Permian Basin operator Ring Energy Inc., whose forte is the Central Basin Platform (CBP), produced 376,000 boe net during the third quarter, an 80% increase from a year ago and an 11% sequential gain, despite weather issues and delays.

The weather-related issues and delays primarily affected natural gas production, the Midland, TX-based independent said. Ring estimates it lost about 9,000 boe net of production during 3Q2017 related to the issues.

In July the company completed a stock offering with net proceeds of $59.2 million; proceeds are being used to fund an accelerated drilling program.

“With the completion of our stock offering in July, the company is postured for steady, sustained growth,” CEO Kelly Hoffman said. “The proceeds have allowed us to accelerate our horizontal drilling and development program by adding a second drilling rig in mid-August and continuing our infrastructure improvements on both our Central Basin Platform and Delaware Basin assets. The results are evident based on the consistent production increases quarter over quarter.”

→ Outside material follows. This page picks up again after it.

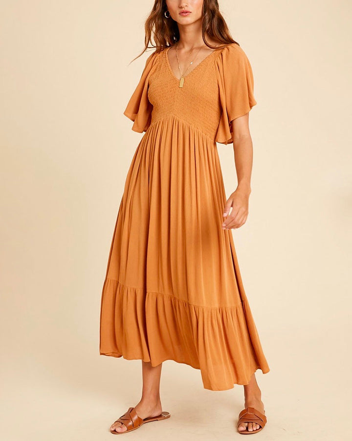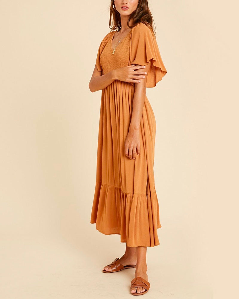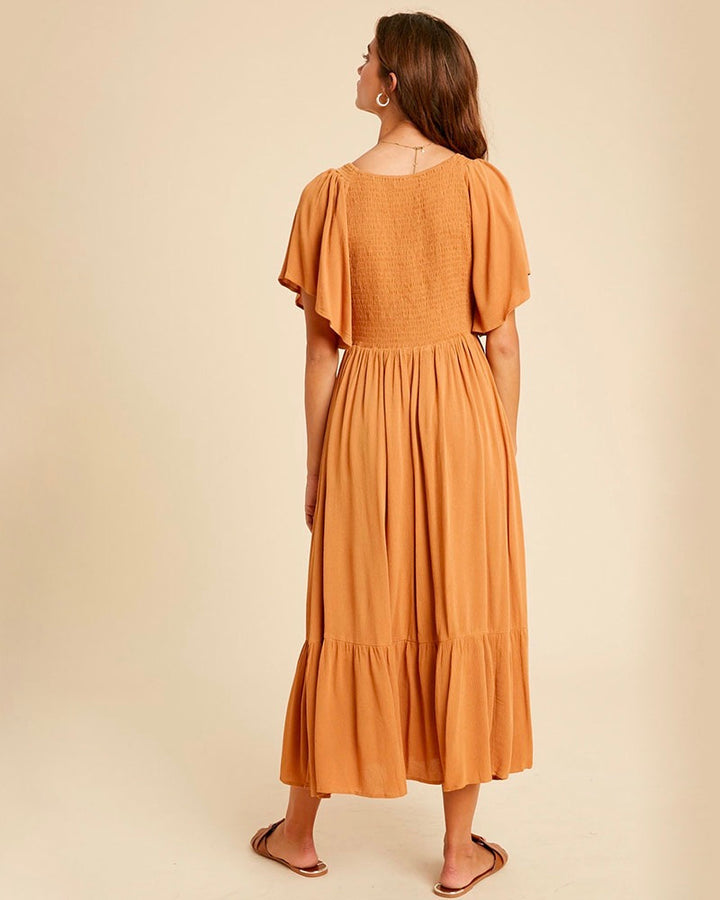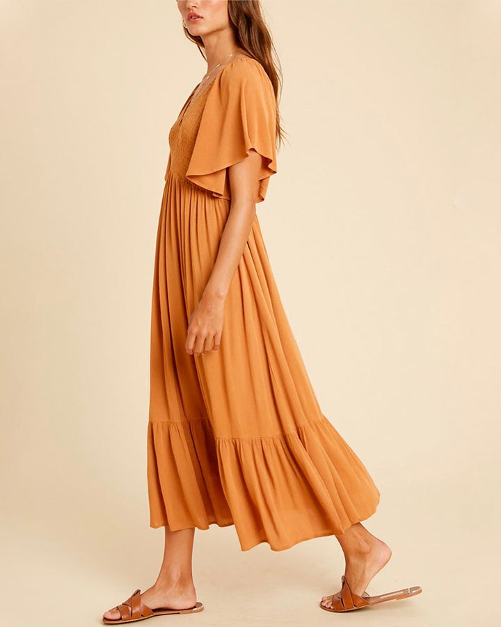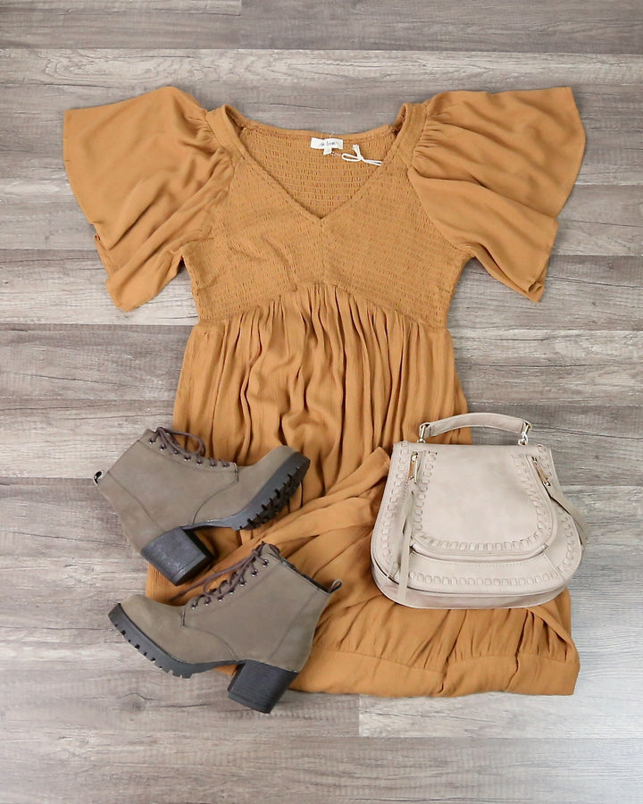 This midi dress is super cute and perfect for those days out! Featuring flutter sleeves, smocked bust, and a ruffle hem, this dress is perfect when paired with some sandals!

Between July and September, 12 horizontal wells were completed in the CBP, with drilling underway on two more wells. The average gross initial production rate for 17 horizontal wells completed, tested and put into production since Ring began drilling in the formation late last year is 675 boe/d.

In the Delaware sub-basin, Ring also completed and put into production four vertical Cherry Canyon wells during the third quarter.

Overall company production in September averaged 4,345 boe/d net, versus year-ago output of 2,270 boe/d and from 4,110 boe/d in June. The average estimated price received in September was $42.20/boe.

“Subject to market conditions, we plan on continuing a two-rig horizontal drilling program for the foreseeable future,” Hoffman said. “With two rigs operating we estimate we can drill five to six new horizontal wells per month.
Because of tight oilfield service conditions in the active Permian, Ring took steps to ensure it will have no “unnecessary delays” to fracture (frack) and complete horizontal wells now being drilled, he said.

“Beginning mid-October, we have secured the services of a fracking crew dedicated solely to our company. This will basically ensure the company’s ability to execute its drilling and development program without disruption, providing the company and its investors constant, steady growth.”